The Company has received approval to list its common stock and warrants on the Nasdaq Capital Market with the common stock trading under the symbol “STRN” and the warrants trading under the symbol “STRNW”. Trading is expected to begin on November 9, 2021.

EF Hutton, a division of Benchmark Investments, LLC, is acting as lead book-running manager for the offering. US Tiger Securities, Inc. is acting as the joint book-running manager.

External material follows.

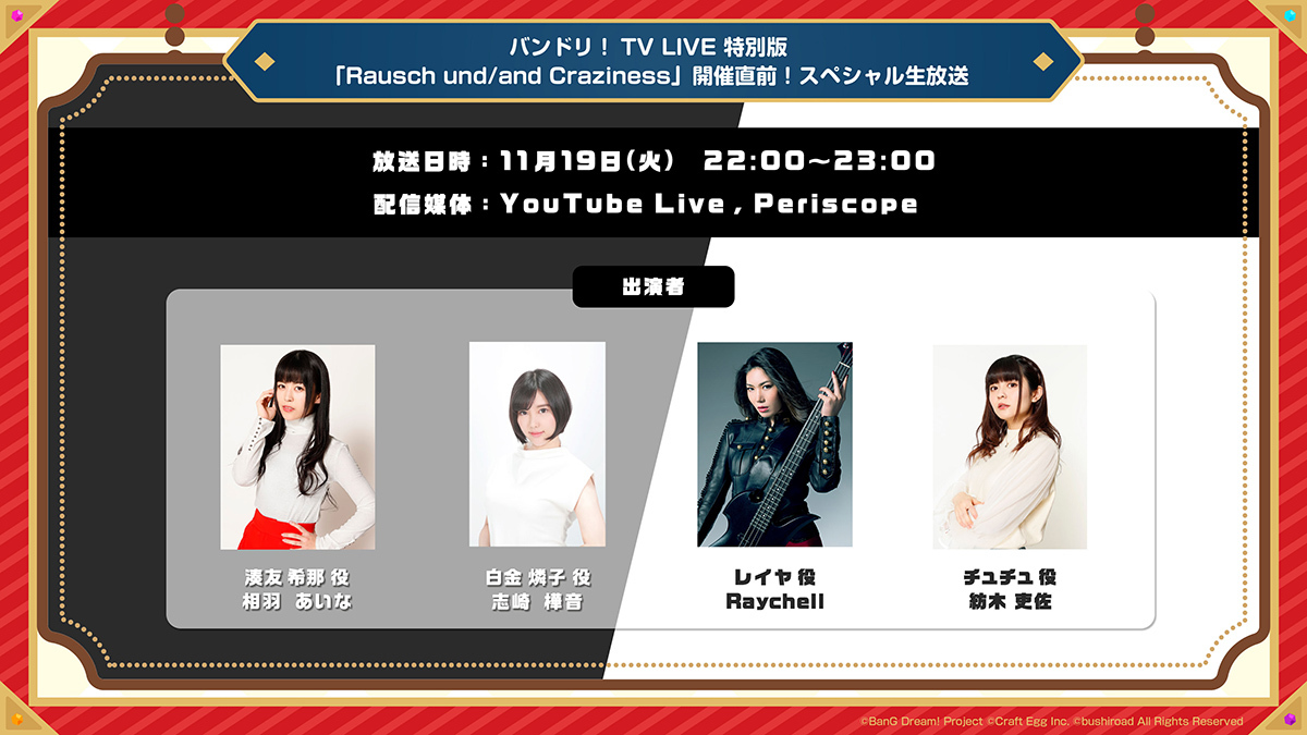 11月19日(火)に『バンドリ!TV LIVE 特別版 「Rausch und/and Craziness」開催直前!スペシャル生放送』の放送が決定した。

A registration statement on Form S-1, as amended (File Number 333-260109) has been filed with the Securities and Exchange Commission (“SEC”) and was declared effective November 8, 2021, and a registration statement on Form S -1MEF ( File number 333-260880) was filed with the SEC on the same day and became effective upon filing. A final prospectus relating to the offering will be filed with the SEC and will be available on the SEC’s website at http://www.sec.gov. Electronic copies of the final prospectus for this offering, when available, are available from EF Hutton, Division of Benchmark Investments, LLC, 590 Madison Avenue, 39th Floor, New York, NY 10022 Attention: Syndicate Department, or by email at syndicate @ efhuttongroup.com or call (212) 404-7002.

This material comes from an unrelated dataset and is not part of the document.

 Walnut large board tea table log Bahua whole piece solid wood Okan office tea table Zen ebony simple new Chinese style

This press release does not constitute an offer to sell or the solicitation of an offer to buy any of the securities described herein, nor is there a sale of such securities in any state or jurisdiction in which such offer, solicitation or solicitation is being made Selling would be unlawful prior to registration or qualification under the securities laws of such state or jurisdiction.

About Strana

Over the past 25 years, Stran has grown to become a leader in the promotional products industry, specializing in complex marketing programs to influence the value of promotional products, branded products and loyalty incentive programs as a tool for increasing awareness, branding and selling. Stran is the chosen partner of many Fortune 500 companies in a variety of industries to run their promotional marketing, loyalty and incentive, sponsorship, recruitment, retention and wellness campaigns. Stran provides world-class customer service and uses the latest technology, including efficient ordering and logistics technology, to provide order processing, warehousing and fulfillment functions. The company’s mission is to build long-term relationships with its customers that allow them to connect with both their customers and their employees to build lasting brand loyalty. Further information about the company can be found at: www.stran.com.

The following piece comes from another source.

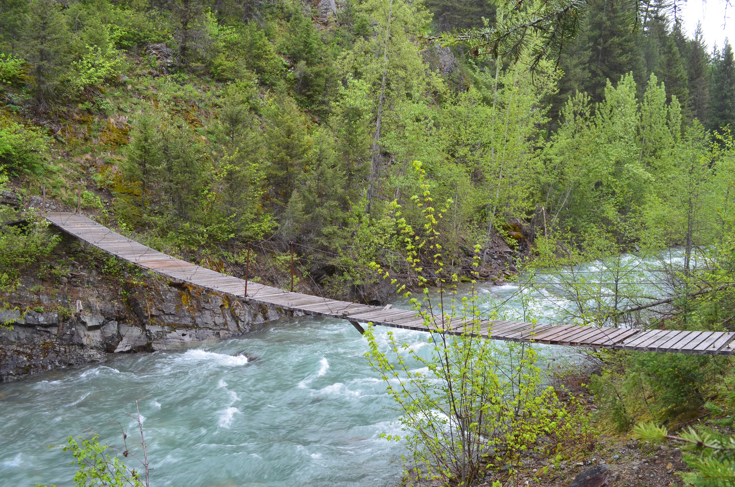 This issue covers only one scary bridge, located in Montana at the southern end of Glacier National Park. The area is densely forested and provides for general picturesque photos. Just south of the park there are numerous bridges on Highway 2 and the adjacent railroad. These make for nice pictures, such as the Sheep Creek bridge. However, so far as could be determined, they are well designed and maintained.

Forward-Looking Statements

This press release contains “forward-looking statements” that are subject to significant risks and uncertainties. All statements in this press release, other than historical facts, are forward-looking statements. Forward-looking statements contained in this press release may be identified by the use of the words “anticipate,” “believe,” “consider,” “may,” “estimate,” “expect,” “intend,” “seek,” “may,” ” could, “plan,” “potentially,” “predict,” “project,” “aim,” “aim,” “should,” “will,” “would” or the negative of these words or other similar expressions, although not All forward-looking statements contain these words. Forward-looking statements are based on the company’s current expectations and are subject to inherent uncertainties, risks and assumptions that are difficult to predict. Furthermore, certain forward-looking statements are based on assumptions about future events that may not prove to be accurate. These and other risks and uncertainties will be further described in the section entitled “Risk Factors” in the final prospectus relating to the public offering made with the SEC and in other reports subsequently filed with the SEC. Forward-looking statements contained in this release are made as of this date and the company assumes no obligation to update this information unless required by applicable law.